What to do: Pictures appear among the records below and must be omitted. Repeat exactly the lines from the line with "浦野さんの小紋といえば、蝶々" to the line with "Current AQHI |", both included.

[Data entries]

◆ ◆ ◆

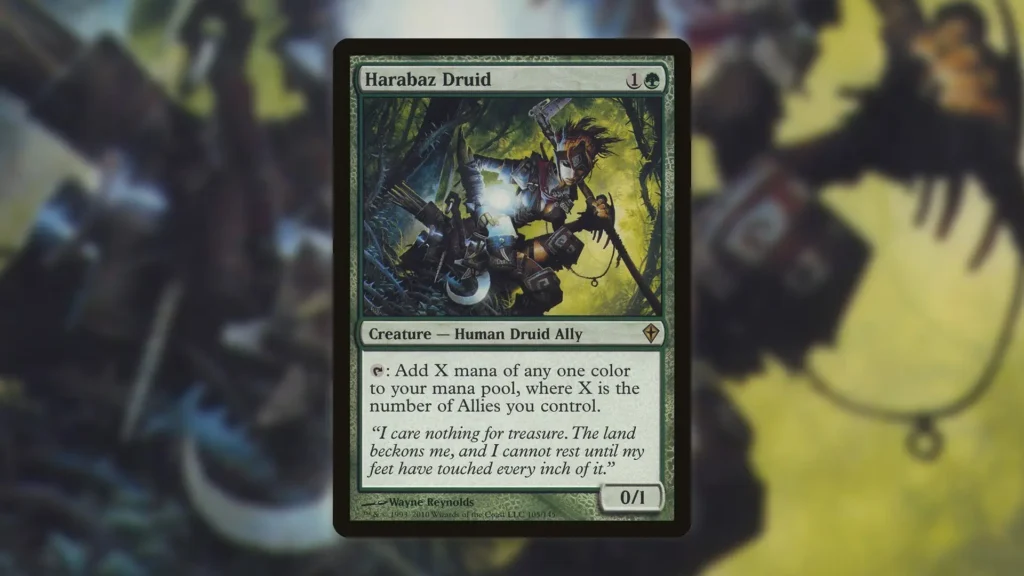As you build out your board, Harabaz Druid begins to take over. Whether you’re funneling the excess mana into General Tazri or Mirror Entity, there’s no shortage of ways to close games. The options for mana dorks that are also Allies is extremely slim, too, which only makes this card more valuable to your deck.
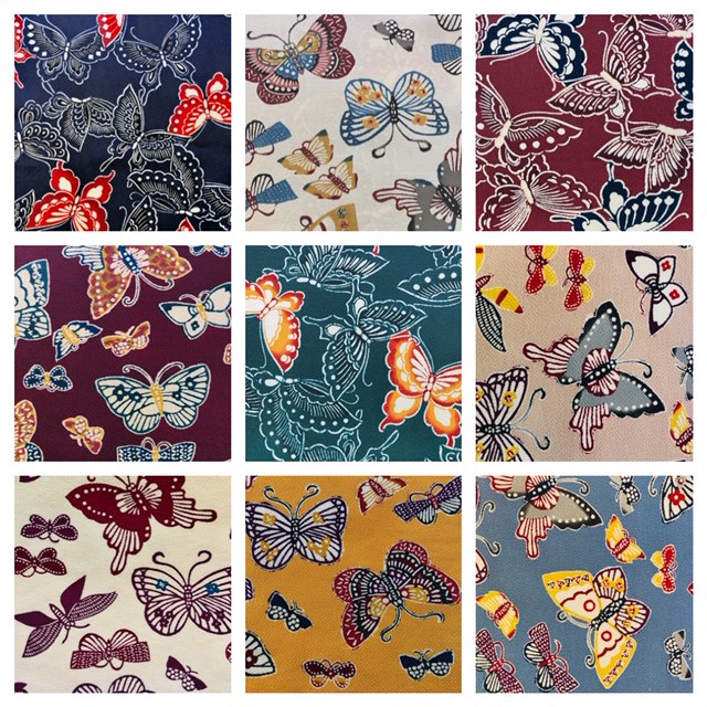 浦野さんの小紋といえば、蝶々や唐草、流水に千鳥、大輪の椿や菊、牡丹、かわいい小花の数々、かと思うととんでもない抽象柄まで揃っています。
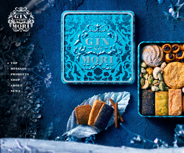 Ginnomori是一家制作堅果、黃油類餅干的公司,網(wǎng)站“冰晶森林”大圖一貫到底,皇家標志的logo無不
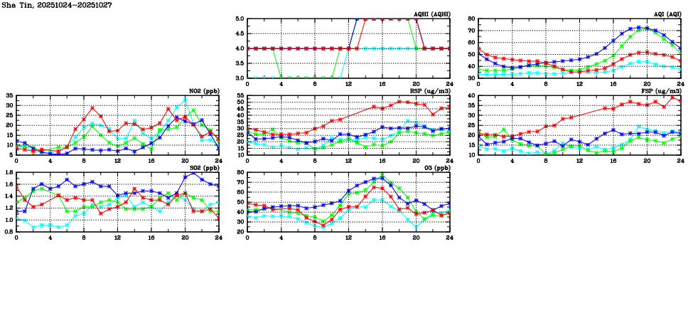 | Air Quality Data Time Series in Sha Tin (2025/10/27) | ( Line colors: Day -3 Day -2 Day -1 Current day ) | 2D Map Current AQHI |
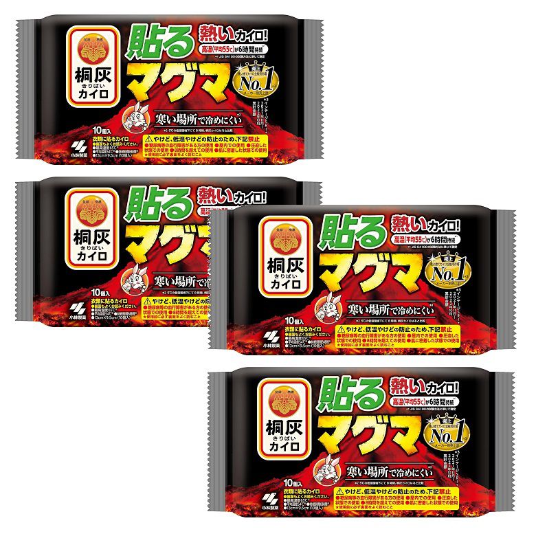 【商品名】 カイロ 桐灰 キリバイ 貼るマグマ 10個入 【×4個セット】 熱いカイロ!高温(平均55℃)が6時間持続*1*1 JIS S4100の試験方法に準じて測定寒い場所で冷めにくい*2*2 5℃の低温環境下にて8時間、桐灰カイロはると比較衣類に貼るカイロ●裏面もよくお読みください。●最高温度65℃※●平均温度54℃※●持続時間8時間※●13cm×9.5cm(10個入)※表示の最高温度・平均温度・持続時間は都条例にもとづく測定値ですので人体にてご使用の場合は若干の差異があります。!やけど、低温やけどの防止のため、下記禁止●糖尿病等の血行障害がある方の使用●屋内での使用●圧迫した状態での使用●8時間を超えての使用●肌に密着した状態での使用★使用前に必ず裏面をよく読むこと売上 使い捨てカイロ全般用市場 No.1*3 メーカー別売上計*3 インテージSRI+ 2021年11月〜2022年10月 累計金額原材料・成分鉄、活性炭、バーミキュライト、水

◆ ◆ ◆

Written reply:
 浦野さんの小紋といえば、蝶々や唐草、流水に千鳥、大輪の椿や菊、牡丹、かわいい小花の数々、かと思うととんでもない抽象柄まで揃っています。
 Ginnomori是一家制作堅果、黃油類餅干的公司,網(wǎng)站“冰晶森林”大圖一貫到底,皇家標志的logo無不
 | Air Quality Data Time Series in Sha Tin (2025/10/27) | ( Line colors: Day -3 Day -2 Day -1 Current day ) | 2D Map Current AQHI |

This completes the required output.